Il y a déjà un auto-stoppeur qui attend à l’endroit stratégique. Je me place un peu plus loin, et au bout de cinq minutes un couple de chics kiwis m’invite à monter. Madame m’explique qu’ils hésitaient entre mon concurrent et moi, et elle rigole quand je lui annonce qu’il attendait depuis plus longtemps : « il va se demander pourquoi on ne l’a pas pris ! ». Monsieur me raconte qu’il a assisté aux 24h du Mans dans sa jeunesse. A l’embranchement suivant, ils me déposent, et 5 secondes plus tard je monte dans la voiture de Zach. Ce lycéen habite dans le coin. Il veut étudier les beaux-arts à l’université de Dunedin l’an prochain. Il doit me déposer au bout de 10 minutes, et j’ai probablement oublié mon portable dans sa voiture.









Après 20 minutes d’attente, une Ford Falcon vintage verte s’arrête, musique à fond. Trois gars, bière à la main et surexcités, m’invitent à embarquer. La conductrice, nommée Israël, est sobre et m’explique qu’ils "ne sont pas méchants". Ils rentrent du 21st d’un ami, âge où la fête d’anniversaire est importante ici comme en Australie. Les fenêtres sont ouvertes, la route est belle. Bribes de conversation, en VO, sur fond de Metallica :

- “Tell us if you want to stop to take a picture eh !.. there will be plenty of piss stops anyway !” - “How are the girls like in France ?” - “Euh… well…”
- “Are young people in France driving old cars and listening to loud music like us ?” –“Well, yes, some of them probably.”

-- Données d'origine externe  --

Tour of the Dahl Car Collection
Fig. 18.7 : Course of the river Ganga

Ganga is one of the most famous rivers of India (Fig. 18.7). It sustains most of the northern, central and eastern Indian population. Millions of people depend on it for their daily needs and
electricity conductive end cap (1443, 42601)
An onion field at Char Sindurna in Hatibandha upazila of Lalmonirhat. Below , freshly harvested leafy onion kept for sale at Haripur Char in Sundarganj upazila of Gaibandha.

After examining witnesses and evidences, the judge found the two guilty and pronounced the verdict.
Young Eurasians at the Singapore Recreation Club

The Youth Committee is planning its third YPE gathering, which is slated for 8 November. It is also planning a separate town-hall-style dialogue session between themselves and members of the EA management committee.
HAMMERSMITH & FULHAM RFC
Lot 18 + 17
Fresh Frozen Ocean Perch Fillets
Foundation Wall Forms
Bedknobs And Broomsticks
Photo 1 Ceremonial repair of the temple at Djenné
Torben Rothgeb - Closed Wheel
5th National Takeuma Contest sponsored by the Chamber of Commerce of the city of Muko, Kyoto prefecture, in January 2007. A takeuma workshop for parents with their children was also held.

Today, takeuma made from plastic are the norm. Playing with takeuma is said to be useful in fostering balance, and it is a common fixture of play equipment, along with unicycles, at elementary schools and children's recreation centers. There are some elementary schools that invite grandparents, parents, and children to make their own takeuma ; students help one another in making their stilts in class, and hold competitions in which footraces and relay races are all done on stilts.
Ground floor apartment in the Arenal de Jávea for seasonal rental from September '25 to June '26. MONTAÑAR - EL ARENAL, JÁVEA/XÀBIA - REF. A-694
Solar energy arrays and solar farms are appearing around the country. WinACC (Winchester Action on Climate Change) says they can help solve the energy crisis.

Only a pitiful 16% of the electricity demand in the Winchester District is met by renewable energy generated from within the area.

-“You know, people are not so friendly in the North island, it’s really a South island stuff. Take another beer.”
-“Ooooh, we have a politician in the car !“ -“Actually I want to be a journalist“

-“That’s good to meet some locals eh ? “ -“You bet !”


Ils doivent tourner vers Alexandra, et me laissent donc à la sortie de Cromwell… où un autre auto-stoppeur qui fait le pied de grue pense qu’on s’arrête pour lui. La route est beaucoup moins fréquentée, et les véhicules de location ne s’arrêtent définitivement pas, ce qui laisse peu d’autres possibilités. L’autostoppeur retourne en ville au bout d’une demi-heure. Faire du stop, c’est une histoire de chance et de patience. Je confectionne une belle pancarte et me fixe Twizel comme objectif du jour. Cette stratégie est finalement payante, et c’est à nouveau un kiwi qui s’arrête.
Paul accepte de m’emmener jusqu’à Twizel, c’est avec lui que je vais faire la majeure partie de mon trajet du jour. Il rentre d’un weekend de vendanges chez des amis. Nous discutons politique, notamment des différences entre le sort de Aborigènes en Australie et celui des Maoris en NZ. Au bout de deux heures de route au milieu de montagnes pelées désertiques, me voilà à Twizel. Le Mont Cook est tout proche, la météo y est très mauvaise. Le lendemain, il pleut : je prends un bus jusqu’à Christchurch, et profite encore un peu de la ville avant de m’envoler.

Conclusion de ces deux trop courtes semaines : la Nouvelle-Zélande –en tout cas l’île Sud- est une terre spectaculaire, à la beauté remarquable. La comparaison avec l’Australie, bien plus grande et plus diverse, ne serait pas juste et n’a pas lieu d’être. Ces pays ne dégagent pas la même atmosphère. En tout cas, les kiwis du Sud sont au moins aussi sympas que les kangourous.

1 commentaire:

aerosavate a dit…

Tu as dû vraiment te régaler, tout ça me donne hâte de retourner là-bas ! On en veut encore :-o !!